Porque amontoar teses dilui a mais forte e sugere fragilidade. A defesa técnica define uma tese principal e organiza as demais como subsidiárias, na ordem do efeito, para que a prejudicial que encerra o processo não se perca no meio de argumentos genéricos.
A prescrição da infração ambiental é a primeira coisa a conferir?
Sim. A pretensão punitiva prescreve em cinco anos, e a paralisação do processo por mais de três anos gera a prescrição intercorrente, nos termos da Lei 9.873/99. Conferir a contagem antes de tudo evita sustentar mérito quando a pretensão já se extinguiu.
Ainda vale alegar a inconstitucionalidade do Decreto 6.514/08?
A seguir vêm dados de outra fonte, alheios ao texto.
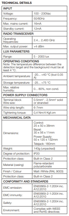 Externe voeding 220-240 VAC IP20 bereik to diam. 7m bij een montagehoogte van maximaal 5 m.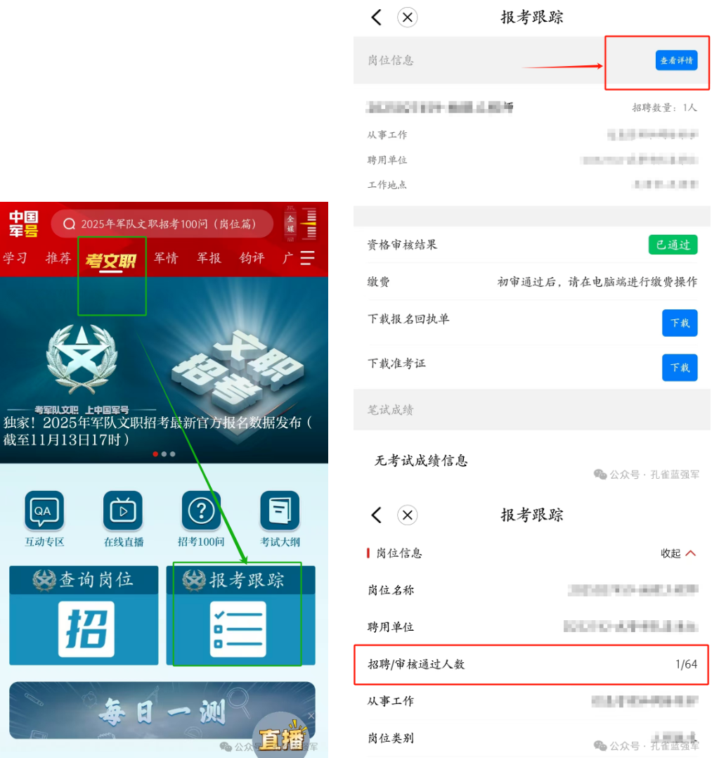 紅師教育給大家一個(gè)提醒:下載中國軍號(hào)APP,在【考文職】——【報(bào)考跟蹤】——【查看詳情】模塊可以看到自己所報(bào)崗位審核通過人數(shù)。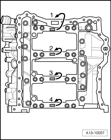 Tighten the bolts for the guide frame sealing surfaces on the cylinder block to 23 Nm in the following sequence: - 17 to 31 -.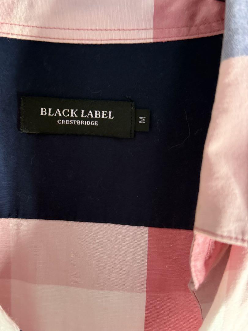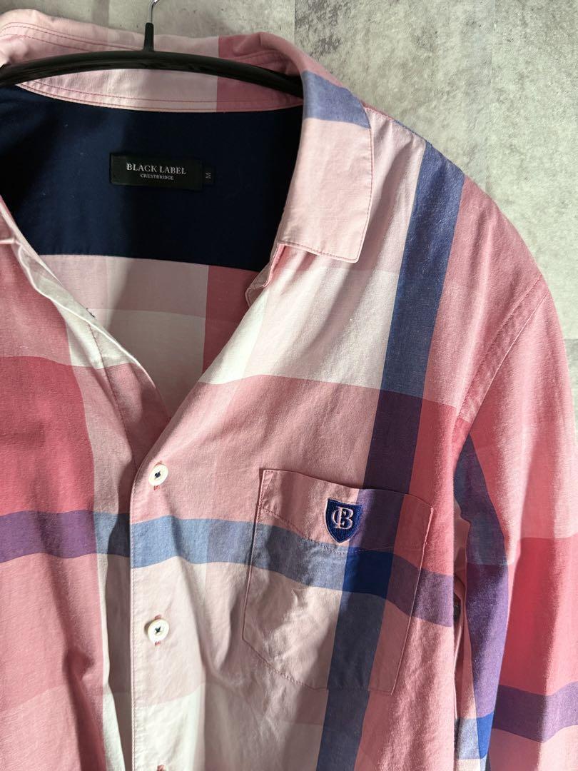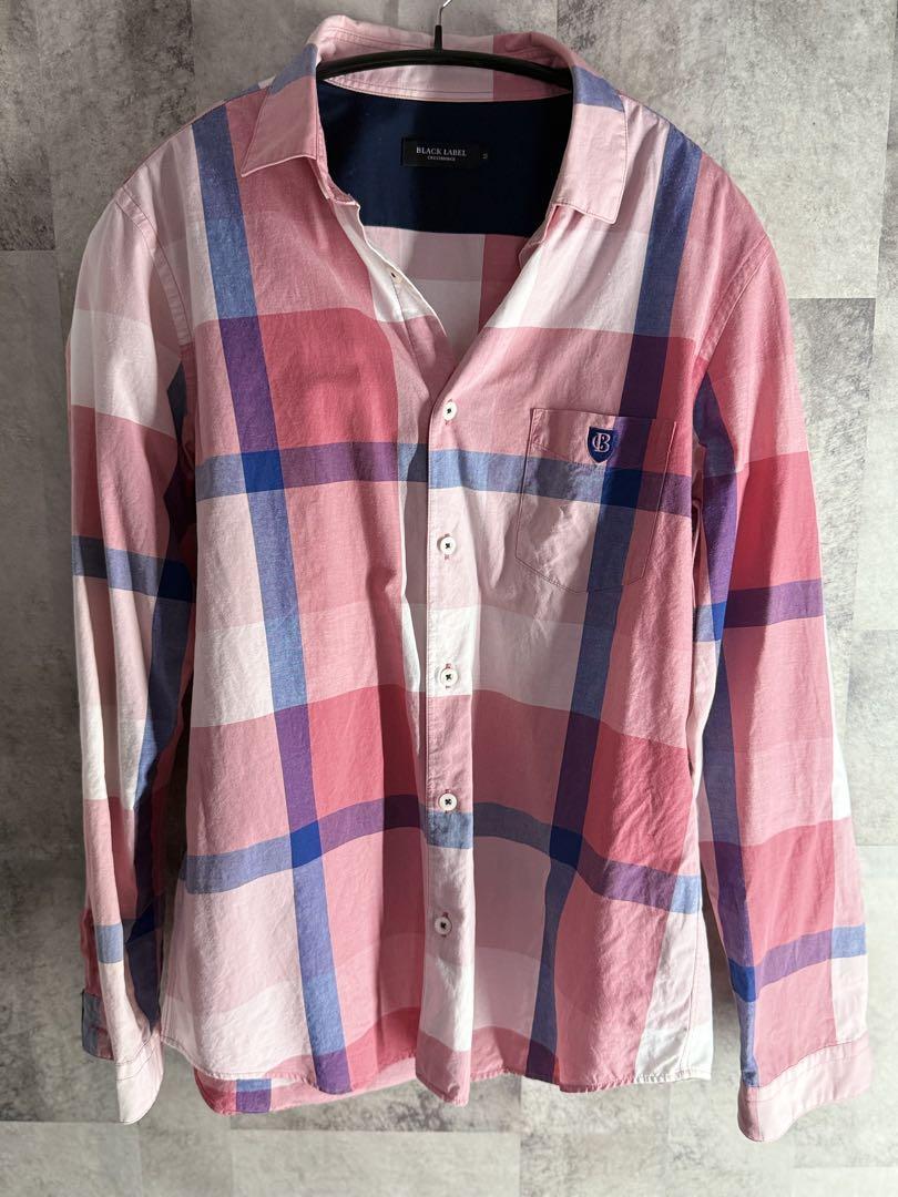 ピンクとブルーのチェック柄の長袖シャツ、胸ポケット付きでカジュアルに最適。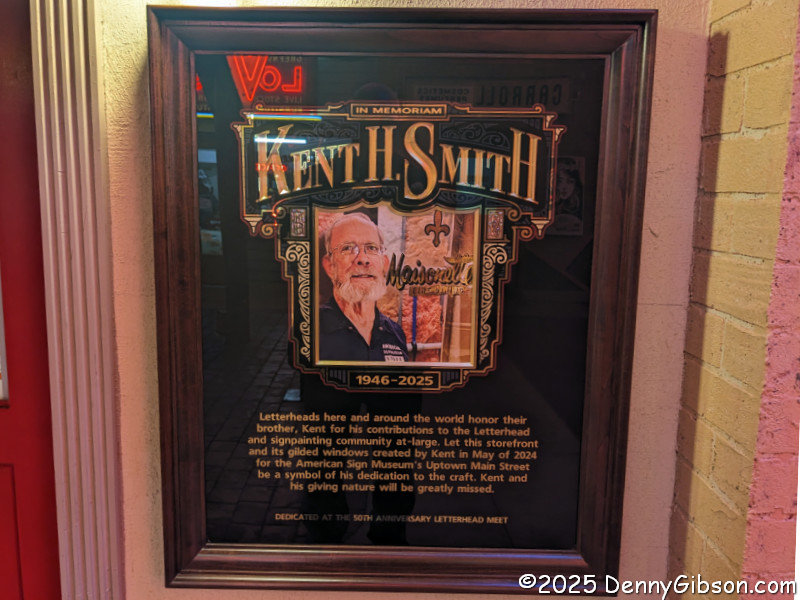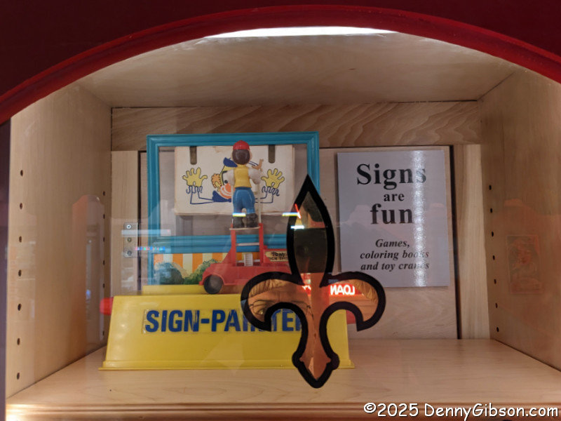 I don’t believe there was ever a time when all of the Sign Museum’s holdings were stored in one place, but for a while, a lot of them were stored in the unoccupied half of the building. Most was moved out for the circus and for the expansion. I had been privileged to peek inside that attached attic a couple of times over the years, and in May 2023, got A Glimpse of ASM’s Attic (detached version) with a special “Coffee with Tod” gathering. The Sign-Painter that opened that post now has a home in the museum, along with many other items seen that day.
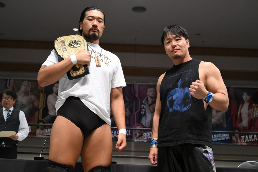 王者・樋口は「ちょうど10年前、DNAでデビューして半年で、KO-Dに挑戦しました。札幌テイセンホール。そこで自分は当時のチャンピオンHARASHIMAさんに完膚なきまで叩きのめされました。それこそ強さを見せられた。そんな感じがありました。その後もKO-D戦、もう1回後楽園でやりましたが負け。自分はKO-D無差別級戦でHARASHIMAさんに勝ったことがないんです。その後は何回か勝ったことがありますけど、このベルトを懸けたとき、最後勝ち名乗りを受けたのはHARASHIMAさんでした。自分としてはリベンジだと思ってます。全力でいかしていただきます」とチャレンジャーの姿勢で臨む意向を示した。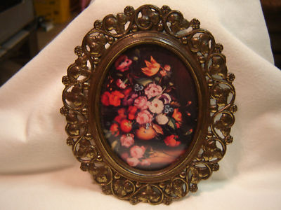 (Vintage) Metal Picture Frame Convex OVAL Glass

Não. A tese está superada, porque o decreto foi reconhecido como válido ao regulamentar a Lei 9.605/98 sem criar infração ou sanção nova. Insistir nesse argumento consome credibilidade e desvia a defesa das teses que realmente anulam o auto.
As defesas administrativa e penal precisam ser coerentes?
Sim. A mesma conduta gera processo administrativo e, muitas vezes, ação penal, e as instâncias se comunicam. O que se admite em uma esfera repercute na outra, de modo que ignorar o espelho penal compromete as duas defesas.